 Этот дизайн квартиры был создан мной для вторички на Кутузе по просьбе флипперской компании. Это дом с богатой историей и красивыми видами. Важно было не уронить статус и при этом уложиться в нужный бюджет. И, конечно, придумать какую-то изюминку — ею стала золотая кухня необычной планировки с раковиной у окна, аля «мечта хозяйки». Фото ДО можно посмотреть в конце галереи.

---

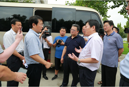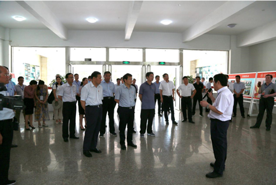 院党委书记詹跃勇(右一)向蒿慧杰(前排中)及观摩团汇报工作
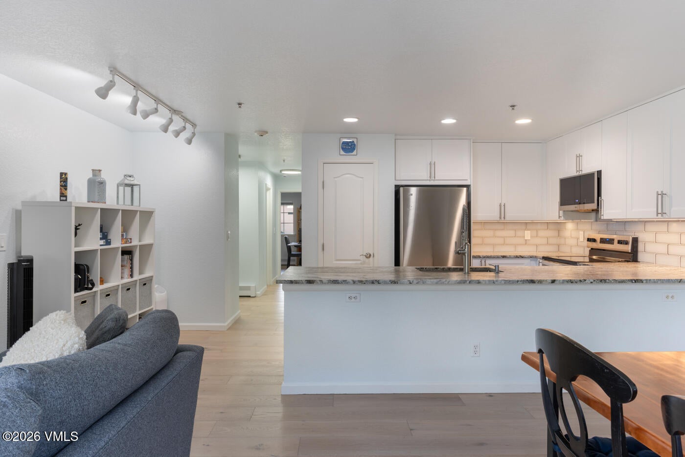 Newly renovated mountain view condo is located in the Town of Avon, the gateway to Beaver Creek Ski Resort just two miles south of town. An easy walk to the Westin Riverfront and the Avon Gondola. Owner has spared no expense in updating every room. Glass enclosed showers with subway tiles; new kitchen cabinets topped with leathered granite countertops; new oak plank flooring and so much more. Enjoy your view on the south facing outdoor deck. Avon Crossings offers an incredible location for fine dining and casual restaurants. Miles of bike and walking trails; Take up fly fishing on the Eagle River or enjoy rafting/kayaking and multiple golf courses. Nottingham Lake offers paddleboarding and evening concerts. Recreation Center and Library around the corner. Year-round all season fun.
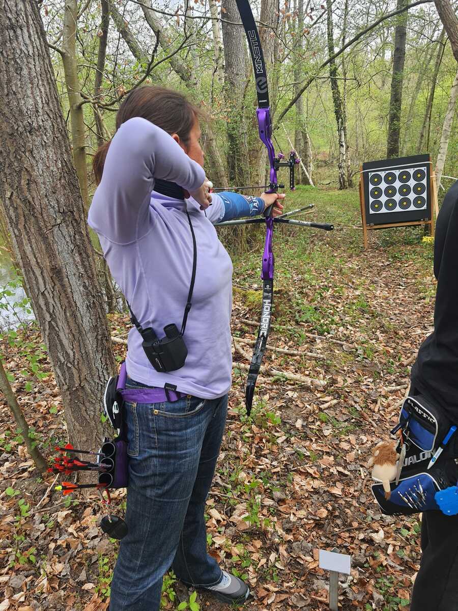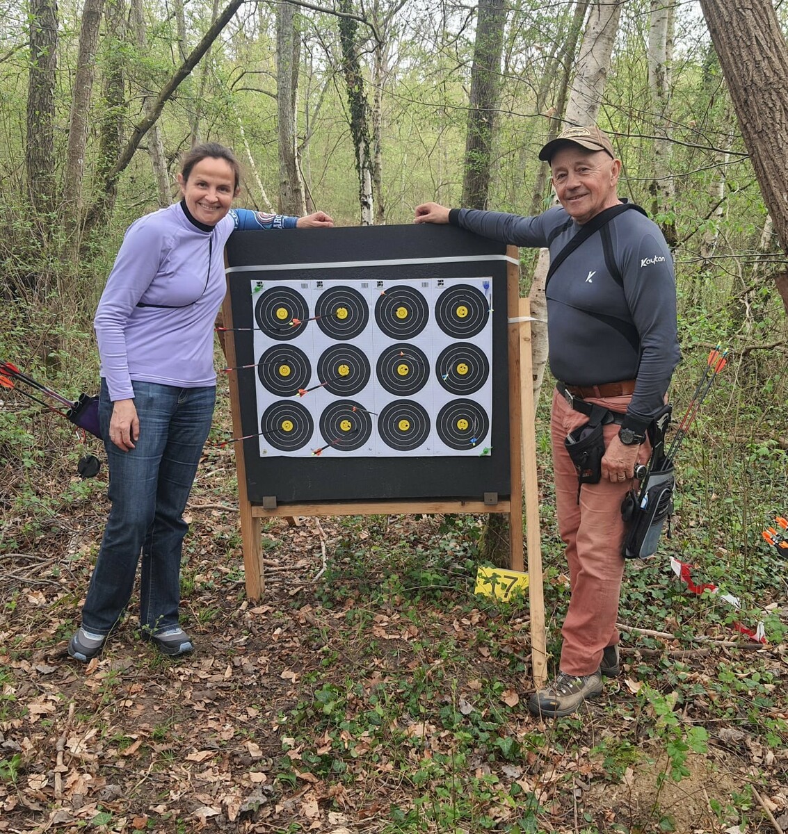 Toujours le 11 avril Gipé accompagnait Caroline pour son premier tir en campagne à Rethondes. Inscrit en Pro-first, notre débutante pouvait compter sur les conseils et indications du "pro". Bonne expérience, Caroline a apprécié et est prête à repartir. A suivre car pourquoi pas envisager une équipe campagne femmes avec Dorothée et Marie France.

What you will do — Line for line, output the entries above from the line with "院党委书记詹跃勇(右一)向蒿慧杰(前排中)及观摩团汇报工作" to the line with "Toujours le 11", both included, and nothing more. Skip pictures.

Result of this task —
 院党委书记詹跃勇(右一)向蒿慧杰(前排中)及观摩团汇报工作
 Newly renovated mountain view condo is located in the Town of Avon, the gateway to Beaver Creek Ski Resort just two miles south of town. An easy walk to the Westin Riverfront and the Avon Gondola. Owner has spared no expense in updating every room. Glass enclosed showers with subway tiles; new kitchen cabinets topped with leathered granite countertops; new oak plank flooring and so much more. Enjoy your view on the south facing outdoor deck. Avon Crossings offers an incredible location for fine dining and casual restaurants. Miles of bike and walking trails; Take up fly fishing on the Eagle River or enjoy rafting/kayaking and multiple golf courses. Nottingham Lake offers paddleboarding and evening concerts. Recreation Center and Library around the corner. Year-round all season fun.
 Toujours le 11 avril Gipé accompagnait Caroline pour son premier tir en campagne à Rethondes. Inscrit en Pro-first, notre débutante pouvait compter sur les conseils et indications du "pro". Bonne expérience, Caroline a apprécié et est prête à repartir. A suivre car pourquoi pas envisager une équipe campagne femmes avec Dorothée et Marie France.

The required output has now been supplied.